» Work instructions:
Could you restate every entry word for word, minus the pictures?

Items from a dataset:
○ ○ ○ ○ ○

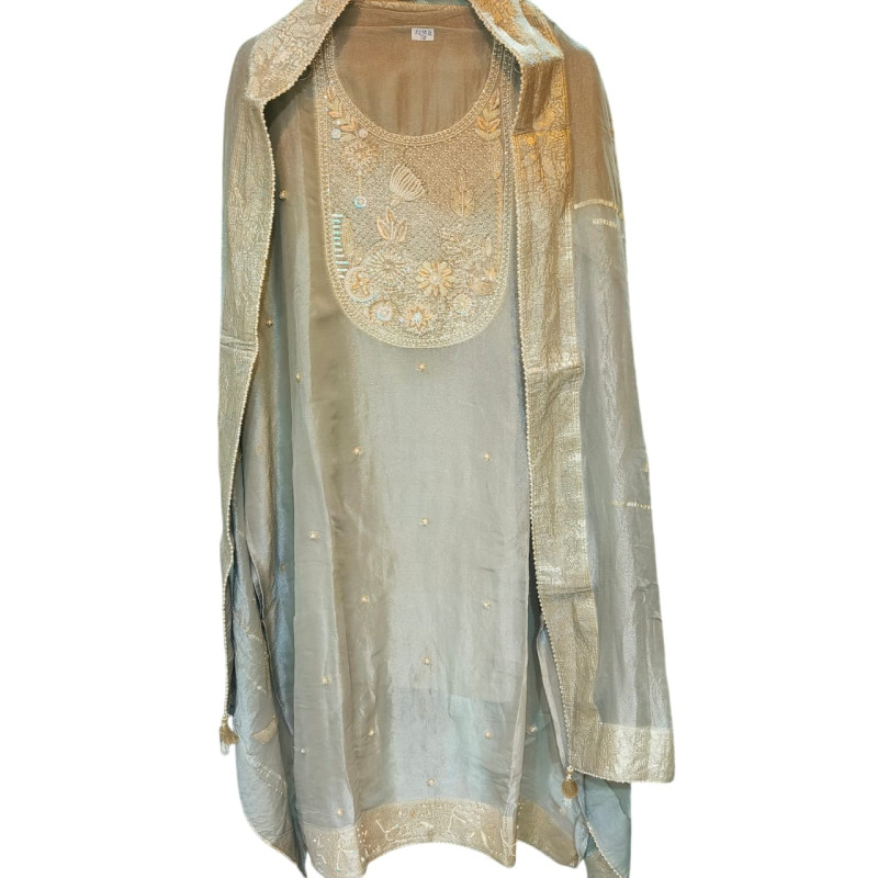 Kurta: Features an intricately embroidered round neckline or yoke with detailed threadwork and minimal embellishments. The body is simple, allowing the fabric's shimmer to stand out.
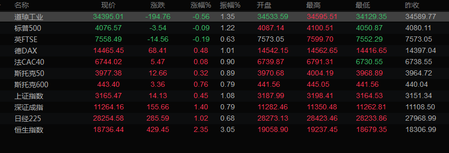 美股收盘情况:?标普500指数下跌0.08%,收报4076.79点。纳斯达克指数上涨0.13%,至11482.45点,????道琼斯工业指数下跌0.56%,至34396.53点。
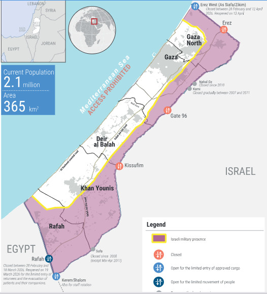 OCHA ha sottolineato che parte dei dati sono relativi a testimonianze raccolte sul terreno, dunque ancora ‘da verificare’ da parte delle Nazioni Unite. L’Ufficio dell’ONU ha precisato che le condizioni igieniche a Gaza sono sempre più preoccupanti: ci sono stati casi di peste. Imperversano topi e le fonti d’acqua sotterranee sono inquinate dai detriti e dai cadaveri rimasti sotto le macerie. La gente è anche costretta a vivere in pochi chilometri quadrati, come si evince dalla mappa.
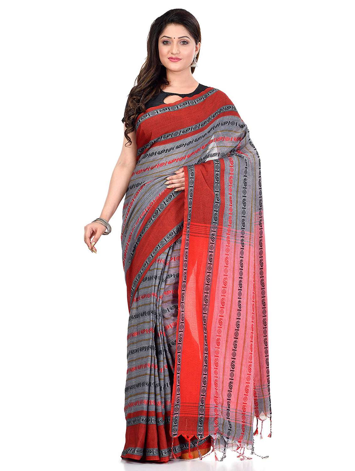 - » women's printed grey colored saree with blouse
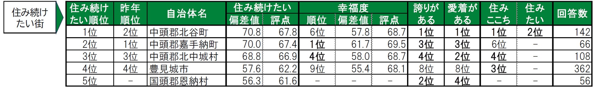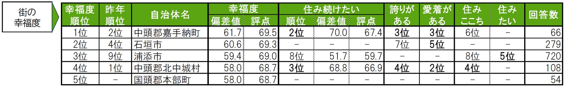 •街の幸福度・住み続けたい街・街に誇りがある・街に愛着があるの順位が「-」と表示されているのは、偏差値50未満のため「-」と表示しています。自治体で50名未満の回答者数で集計の規定に満たない場合、または偏差値50未満の場合、昨年順位を「-」と表示しています。
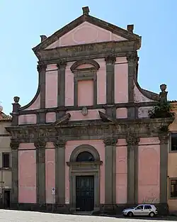 Santi Giuseppe e Teresa is a Baroque-style, deconsecrated Roman Catholic church in the historic Viterbo, regio of Lazio, Italy. The church is mainly vacant, with some municipal offices, and its fate undecided; amid the proposals are an open market or museum.[1]
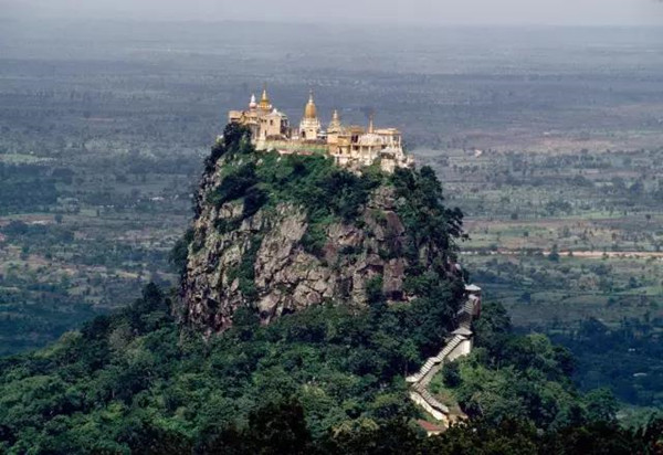 从蒲干王朝开始,它就被当做缅甸的信仰圣地,山上建有纳特神庙和佛塔,也是传说中神灵出现的地方,是纳特神教信徒们心中的圣山。进入山道不久,可以看见云上有一块奇特的岩塔,传说这块岩塔和波巴山山顶的火山口形状和大小完全相同,寺庙看上去非常神圣,像是守护天空的城堡。而从远处看,波巴山顶的寺庙建筑更像是宫崎骏漫画当中的那座“天空之城”。
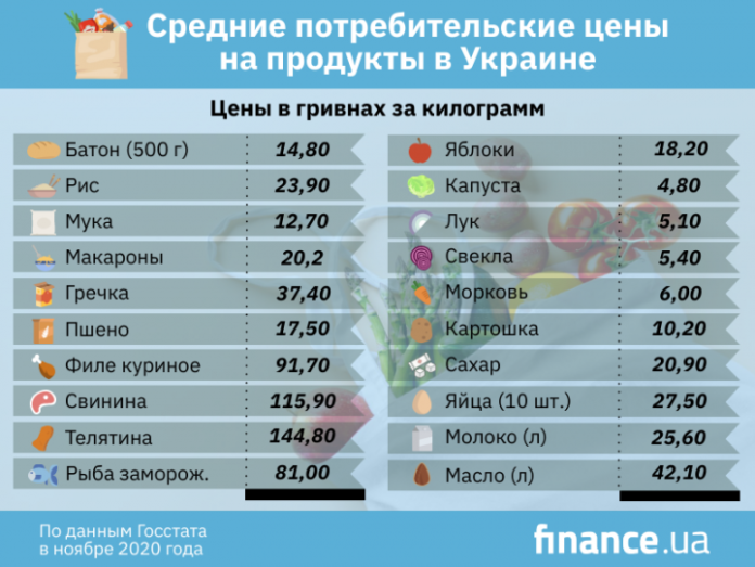 Какие продукты больше всего подрожали за 2020 год (инфографика) / Новости / Finance.ua
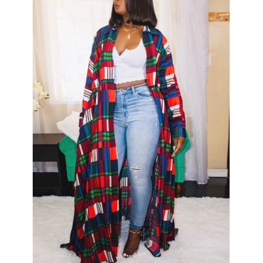 Lovely Casual Turndown Collar Grid Print Red Long Plus Size Coat
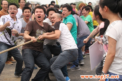 首先進(jìn)行的是拔河比賽。各隊(duì)都挑選出最強(qiáng)壯的選手,行兵布陣,站好隊(duì)形,拉好繩子。一聲令下,比賽開(kāi)始。一時(shí)間,觀戰(zhàn)人員的加油聲和比賽人員的號(hào)子聲響成一片,現(xiàn)場(chǎng)的氣氛瞬間沸騰了起來(lái)!最終“好漢隊(duì)”以絕對(duì)的優(yōu)勢(shì)獲得了拔河比賽的第一名。

○ ○ ○ ○ ○

» Result for this task:
 Kurta: Features an intricately embroidered round neckline or yoke with detailed threadwork and minimal embellishments. The body is simple, allowing the fabric's shimmer to stand out.
 美股收盘情况:?标普500指数下跌0.08%,收报4076.79点。纳斯达克指数上涨0.13%,至11482.45点,????道琼斯工业指数下跌0.56%,至34396.53点。
 OCHA ha sottolineato che parte dei dati sono relativi a testimonianze raccolte sul terreno, dunque ancora ‘da verificare’ da parte delle Nazioni Unite. L’Ufficio dell’ONU ha precisato che le condizioni igieniche a Gaza sono sempre più preoccupanti: ci sono stati casi di peste. Imperversano topi e le fonti d’acqua sotterranee sono inquinate dai detriti e dai cadaveri rimasti sotto le macerie. La gente è anche costretta a vivere in pochi chilometri quadrati, come si evince dalla mappa.
 - » women's printed grey colored saree with blouse
 •街の幸福度・住み続けたい街・街に誇りがある・街に愛着があるの順位が「-」と表示されているのは、偏差値50未満のため「-」と表示しています。自治体で50名未満の回答者数で集計の規定に満たない場合、または偏差値50未満の場合、昨年順位を「-」と表示しています。
 Santi Giuseppe e Teresa is a Baroque-style, deconsecrated Roman Catholic church in the historic Viterbo, regio of Lazio, Italy. The church is mainly vacant, with some municipal offices, and its fate undecided; amid the proposals are an open market or museum.[1]
 从蒲干王朝开始,它就被当做缅甸的信仰圣地,山上建有纳特神庙和佛塔,也是传说中神灵出现的地方,是纳特神教信徒们心中的圣山。进入山道不久,可以看见云上有一块奇特的岩塔,传说这块岩塔和波巴山山顶的火山口形状和大小完全相同,寺庙看上去非常神圣,像是守护天空的城堡。而从远处看,波巴山顶的寺庙建筑更像是宫崎骏漫画当中的那座“天空之城”。
 Какие продукты больше всего подрожали за 2020 год (инфографика) / Новости / Finance.ua
 Lovely Casual Turndown Collar Grid Print Red Long Plus Size Coat
 首先進(jìn)行的是拔河比賽。各隊(duì)都挑選出最強(qiáng)壯的選手,行兵布陣,站好隊(duì)形,拉好繩子。一聲令下,比賽開(kāi)始。一時(shí)間,觀戰(zhàn)人員的加油聲和比賽人員的號(hào)子聲響成一片,現(xiàn)場(chǎng)的氣氛瞬間沸騰了起來(lái)!最終“好漢隊(duì)”以絕對(duì)的優(yōu)勢(shì)獲得了拔河比賽的第一名。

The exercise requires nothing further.